O exame das diversas classes de N pretendeu deixar claro que i) a classificação dos Ns nos tipos do Quadro XXI é relevante para a análise semântica e morfossintática; ii) as subcategorias, ou classes, são impostas pelo N nuclear, apesar dos operadores completarem a tipologia no nível sintagmático; iii) a marcação gramatical dá-se para as noções contável–não- contável, mas não para concreto–abstrato; e iv) o português lança mão de recursos gramaticais (operadores) e lexicais (sufixos/elementos de composição) para categorizar o vocabulário dos lexemas de categoria N.

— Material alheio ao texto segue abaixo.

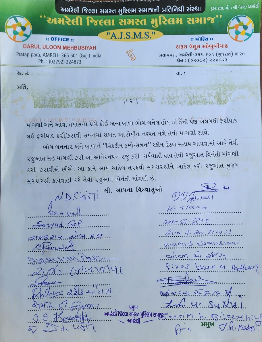 In between the chain of shocking socio-political responses, the Patel community came to support the accused, and the Hindutva organisations allegedly reached the police station to defend him. Local Muslims, on the other hand, held a demonstration in solidarity with the survivors. Influential Muslims of Amreli wrote a letter under the banner of Darul Uloom Mehbubiyah to demand justice and strict punishment for the culprit. The second teacher of the municipal school also joined the protestors. People drew attention to the fact that the alleged incident was probably the second such case in his "criminal records".
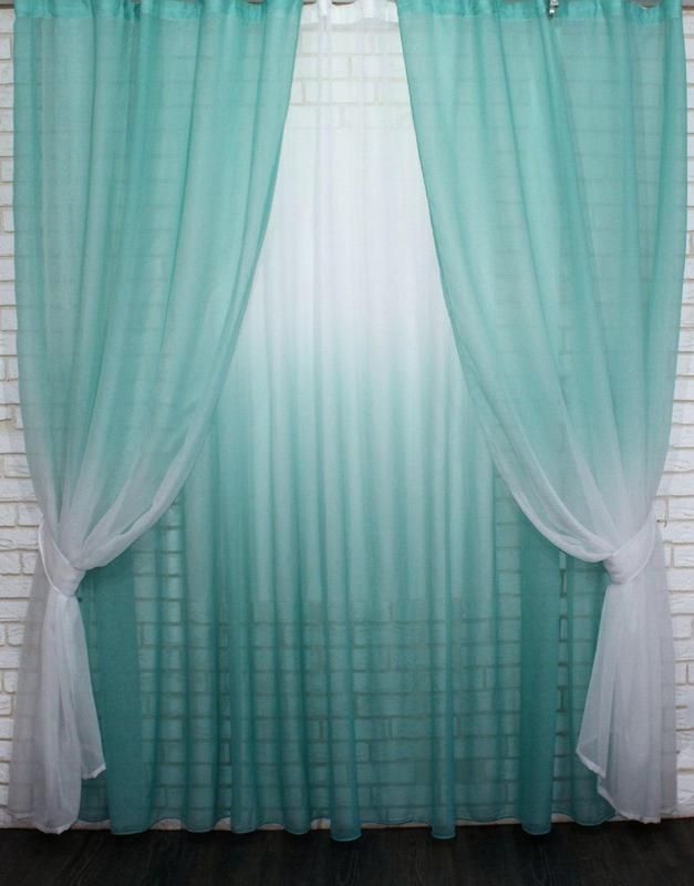 Комплект растяжка "омбре", ткань батист, под лен, цвет бирюзовый с белым
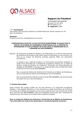PROPOSITION D'AVIS DE LA COLLECTIVITÉ EUROPÉENNE D'ALSACE SUR LE PROJET DE SCHEMA DE COHERENCE TERRITORIALE DE LA RÉGION DE STRASBOURG ET SUR LE PROJET DE PLAN LOCAL D'URBANISME DE LA COMMUNE DE HEILIGENBERG
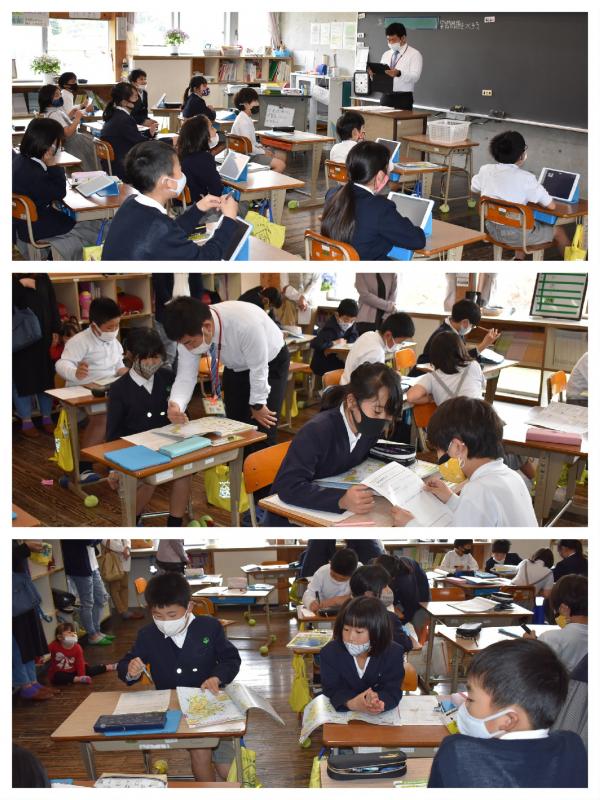 4年生は理科。人間の体のつくりを学んだあと、他の動物は人間と違いがあるかについて調べ、発表し合っていました。動物の特徴を捉え、面白い発想による発表が行われていました。
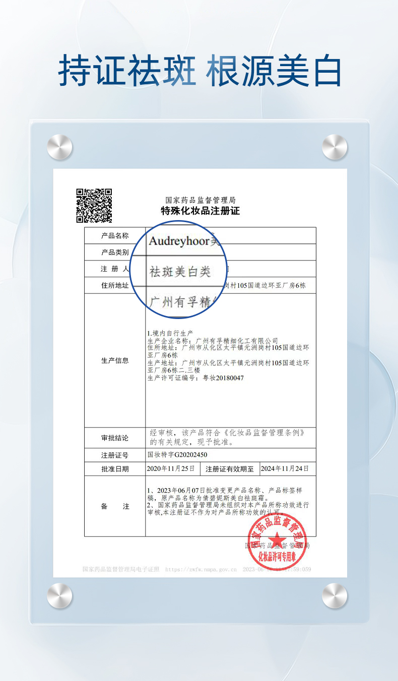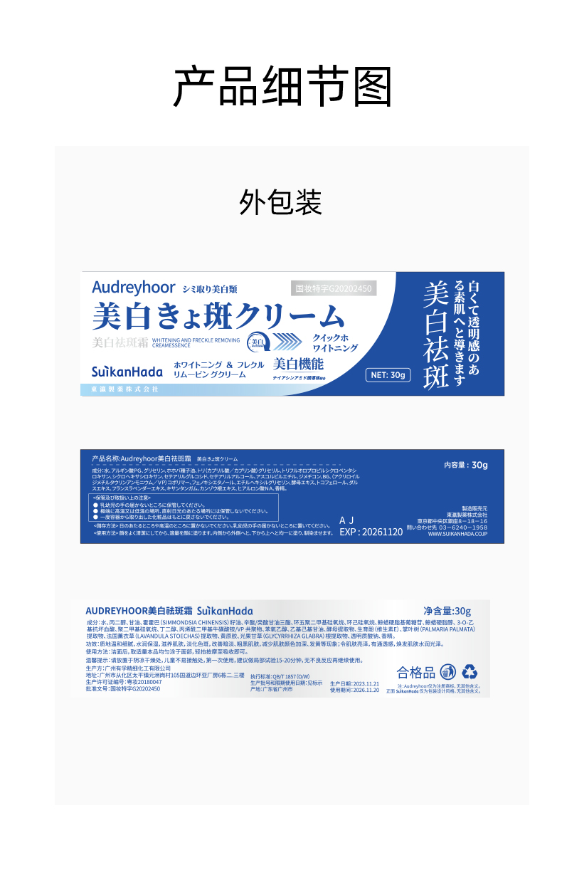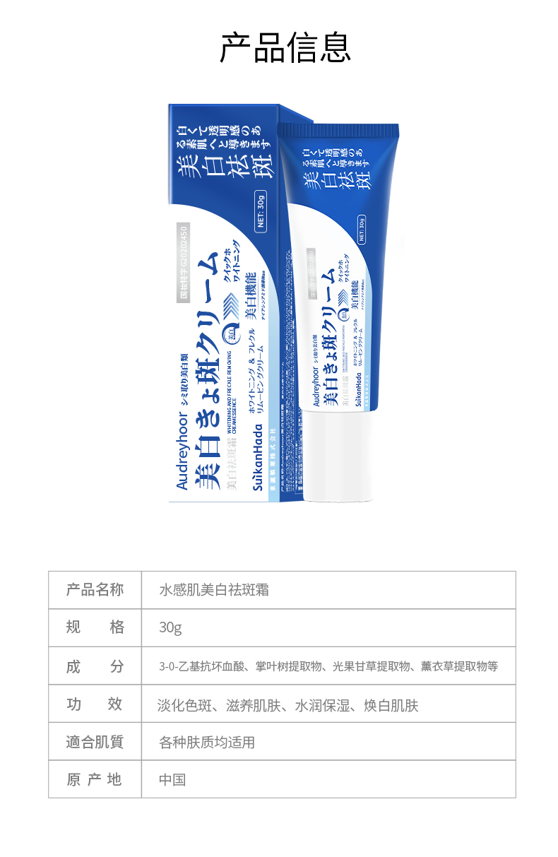 【正品直销】【特证美白】水感肌Audreyhoor美白祛斑霜30g 水润保湿滋养肌肤淡化色班
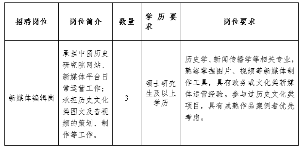 中国历史研究院于2019年1月成立,承担统筹指导全国历史研究工作,整合资源和力量制定新时代中国历史研究规划,组织实施国家重大项目,讲好中国历史、传播中国文化等职责。现根据工作需要,面向社会公开招聘非事业编制人员3名,具体事项如下:
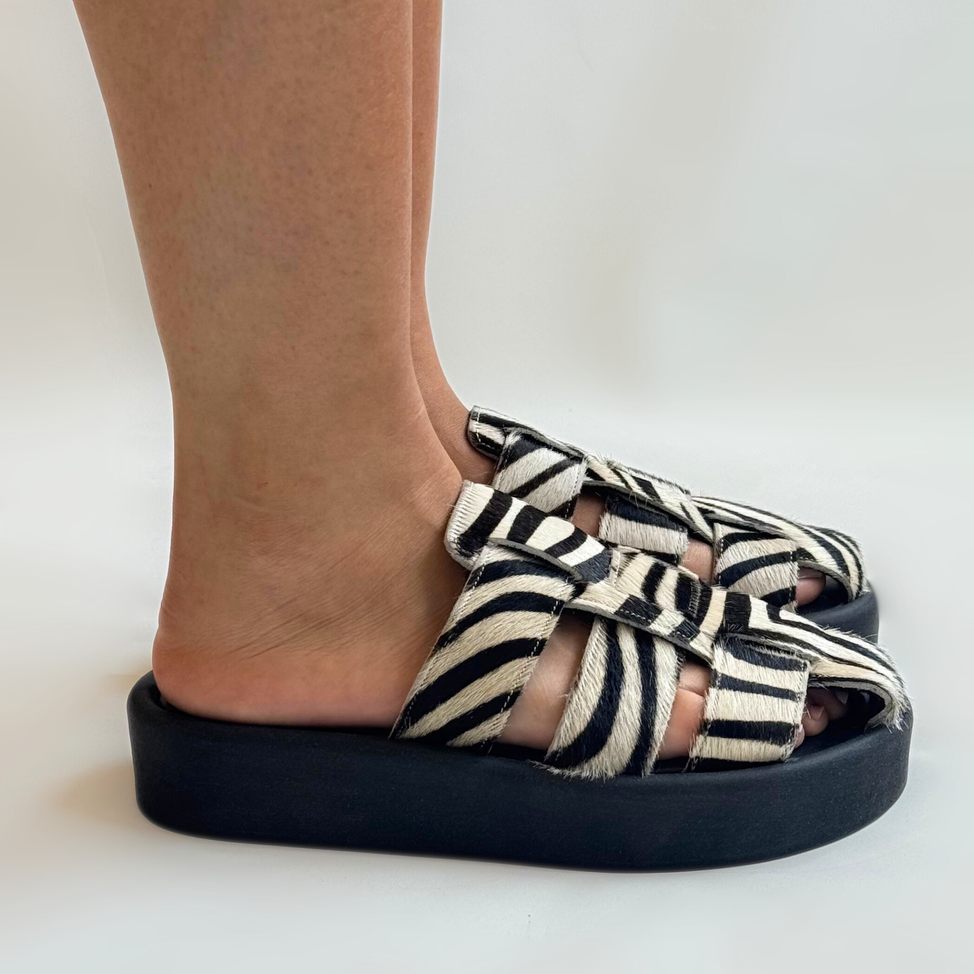 S.PIERO E101-010 ZEBRA LEATHER Slides
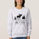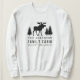Women's sweatshirt with your personalised family name and cabin, cottage or other desired text along with an established date and location. This custom design features rustic style typography with artwork of a moose and pine trees silhouette in black. To see more designs like this, feel free to visit my store here at "Zazzle.com/Rustic_Charm". Thanks.
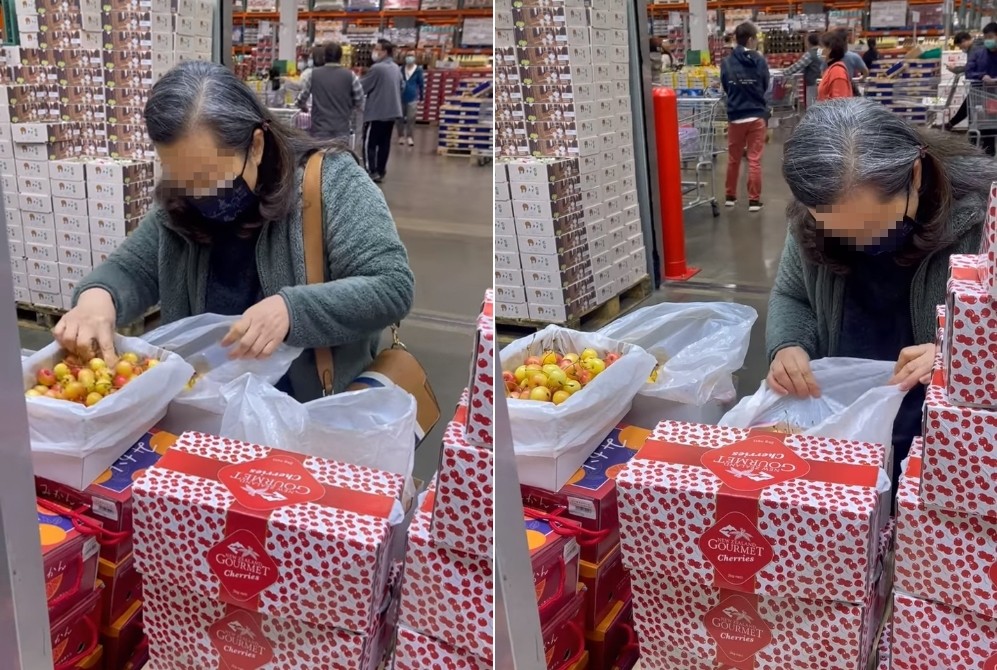 到賣場買東西最怕遇到翻來翻去的「挑貨大隊」,尤其是每盒產品都打開來檢查,在翻找、觸摸的過程不僅造成食物損傷,還會沾滿手部細菌。一名女子日前逛好市多(Costco)意外見到誇張一幕,一名灰衣大嬸站在櫻桃區,一次拆開3盒不停翻攪、還用手下去攪拌觸摸,其他客人看完都不敢買了。
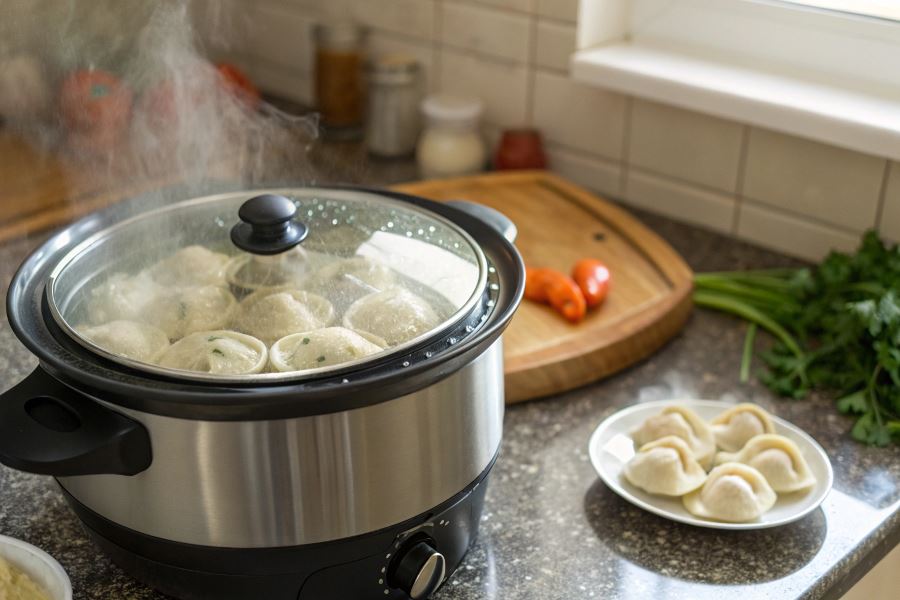 Multicooker pozwala również na gotowanie pierogów bez konieczności mieszania, co zmniejsza ryzyko ich uszkodzenia i zachowuje idealny kształt.
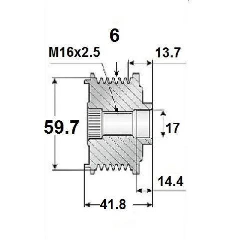 Frigångsreimhjul 17x64x59,67, 6spår, FW 17 x 64 x 59,67 mm
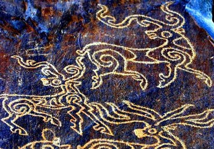 巖畫的內容較豐富,主要以狩獵、放牧、征戰、動物、器物、自然物等為內容。動物的種類包括虎、鹿、羊、野豬、狗、水鳥、老鷹等;人物有獵人、武士、牧人以及人獸一體的神靈形象;武器主要有弓箭、弩、長茅、刀、箭等;自然物包括太陽、月亮及植物等。上述的巖畫大部分為早期金屬時代的巖畫作品,通過這些作品真實的反映了班公湖地區古代游牧民族的生產和生活的生動場面,他們生活在大自然中,在改造大自然的同時,苦苦求索利用大自然,創造自己的美好生活。雖然巖畫的線條粗糙,造型顯得呆板,但質實古樸,頗能引起游客思古之幽情.
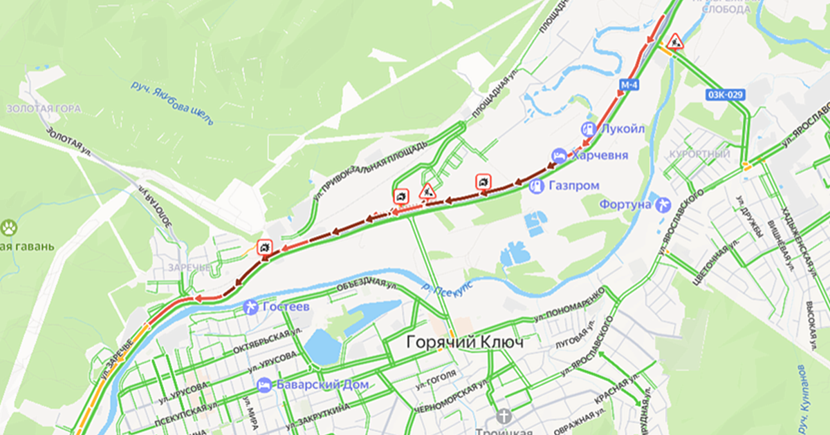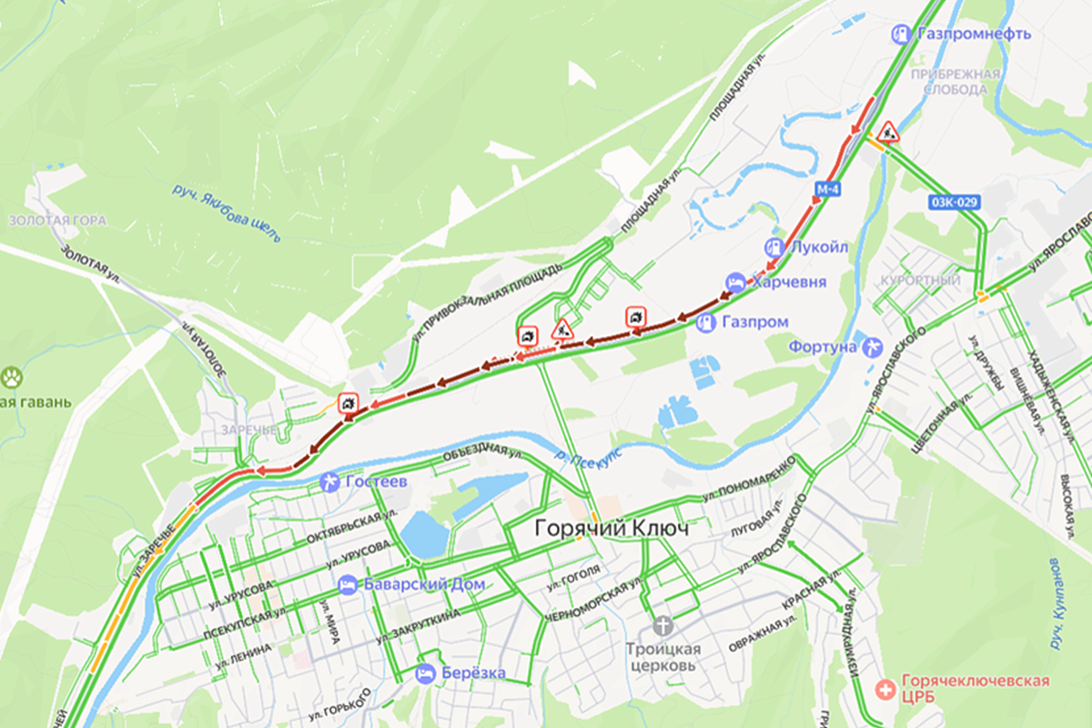 По данным «Яндекс. Карты», пробка появилась на трассе М-4 «Дон» у Горячего Ключа. Машины стоят от пересечения с улицей Промышленной до скалы Петушок. Есть затруднения и в районе Хребтового.
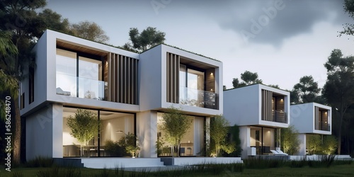 Luxurious residential development with pool, generative ai
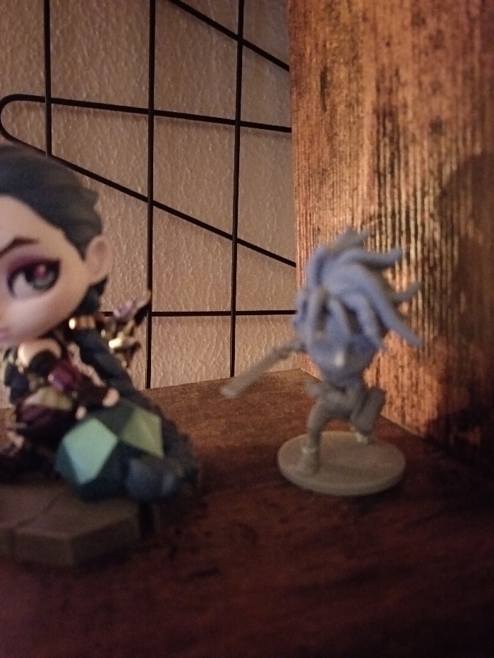 Two figures stand on a wooden surface. The figure on the left is a stylized female with dark hair, purple eye shadow, and a dark patterned outfit with green accents. To the right, a monochrome blue figurine with spiky hair is poised with an arm extended. A black grid structure is visible in the background, with a textured wooden wall on the far right. The lighting is soft, casting shadows that partially obscure the scene.
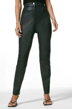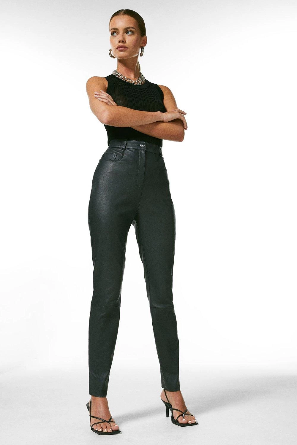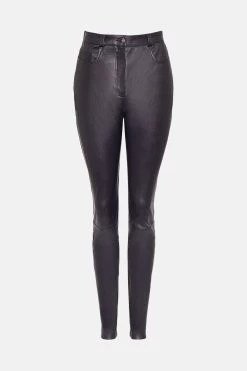 Crafted using premium leather,, there’s not a pair of jeans more sumptuous. Feeling like a second skin when worn, your figure is coated and enhanced in luxury. Emphasising the waist with an iconic high-rise style, they’ve been finished off with glossy metal closure and stitching that’ll highlight all the right places.
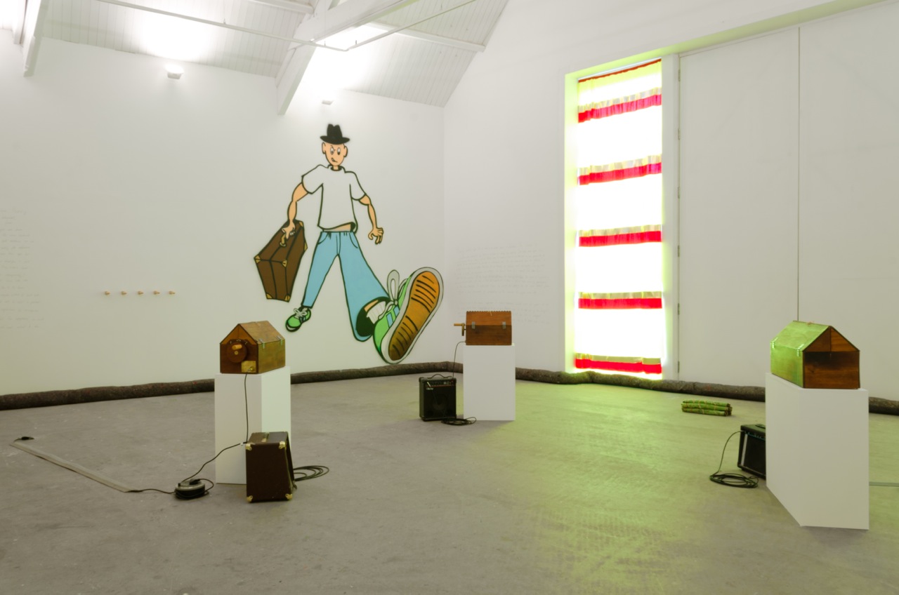 The middle floor space is held by Joseph Lewis’s Positiv Churches 1 to 3, and crossed by Stefan Sadlers’s in your house. Positiv churches 1 to 3 are three mahogany hurdy gurdys, each operated by a turn wheel and plugged into an amplifier.Their innards, whose string workings are traditionally on display, are concealed under collapsable pitched roofs. These beautiful inside out instrument-houses play aggressive noise, much louder than their size would suggest them capable of. They are both enigmatic and unnerving. Sadler’s work is comprised of the front and back view of a giant spray-painted jerk, who aggressively throws his weight from one wall to the other. His confidence is continual, even when you realise that he has (unbeknownst to him) trodden in a piece of chewing gum. The walls also play host to David Steans’ short horror story,The Swumps; three stanzas of which are scrawled on adjacent walls with graphite pencil. They begin with a medically accurate account of a stroke and continue to narrate the wall-pages through death and limbo.
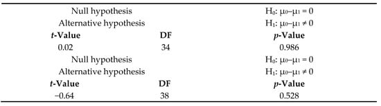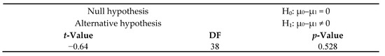 The gender t-test shown in Figure 11, the null hypothesis of the analysis is 0, while the alternative hypothesis is not equal to 0. The t-value of the Null hypothesis is 0.02, having a degree of freedom of 34. In comparison, the t-value of the alternative hypothesis is −0.64, with a DF value of 38.
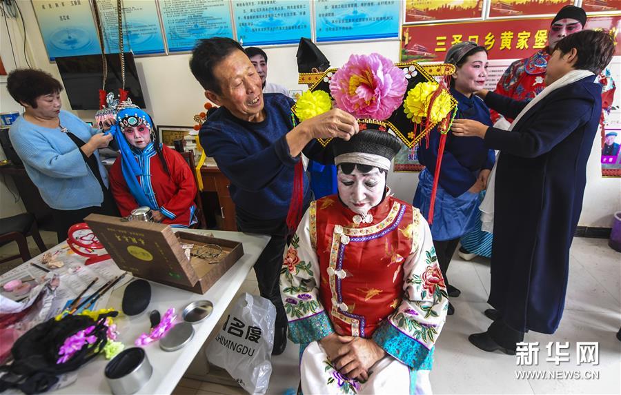 1月7日,河北省永清县三圣口乡黄家堡村村民在进行演出前的准备。河北省永清县三圣口乡黄家堡村是当地知名的京剧传承村。新春将至,黄家堡村组织村民进行戏曲大排演,弘扬传统戏曲文化,营造浓厚节日氛围,喜迎新春佳节。新华社记者 李晓果 摄
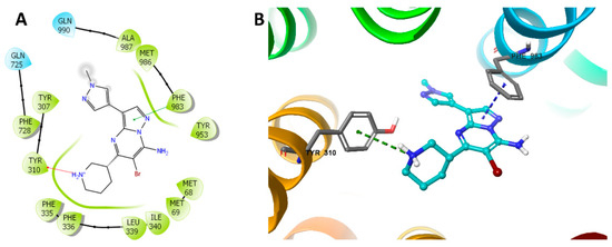 Docking study of MK-8776 with human P-gp. (A) The generated 2D figure of the docked position of MK-8776 within the P-gp crystal. The polar residues are indicated with cyan bubbles, and the hydrophobic residues are indicated with green bubbles. Furthermore, the cation–π bond in the figure is shown as red arrow, and the π–π interaction is shown as green line. (B) The enlarged 3D figure of the docked position of MK-8776 within the drug-binding site of human P-gp. The structure of MK-8776 is shown as a ball and stick mode with the atoms colored as follows: carbon with cyan, nitrogen with blue, bromine with dark red. The important residues of P-gp are shown as sticks, with the atoms colored as follows: carbon with grey, nitrogen with blue, oxygen with red, hydrogen with white. The cation–π bond is indicated with green dotted line. The π–π stacking interactions are indicated with a blue dotted line.

Confirmando a classificação baseada na Seinsart de Rijkhoff nos dados e ampliando-a com as observações sobre regularidade e produtividade, Vossen (1995) lembra que são vários

os efeitos para a individuação gramatical de conceitos nominais. Além da divisão em agrupamentos (os coletivos), da necessidade de quantificadores e recursos gramaticais (os operadores de Número e Definitude), também há o recurso em que o falante escolhe determinados itens lexicais simples e complexos para expressar perspectiva e avaliação (os cognitive synonyms de Cruse (1986)). Isso se dá, por exemplo, quando é usado ‘vira-lata’ para ‘cachorro’ ou quando expressões fraseológicas ou metafóricas são selecionadas para denominar realidades complexas (Alves, 2002). Há ainda vários sufixos para denominar coletivos (N pluriformes), que também incluem conotação pejorativa (Correia, 2004; Rocha, 1998; entre outros).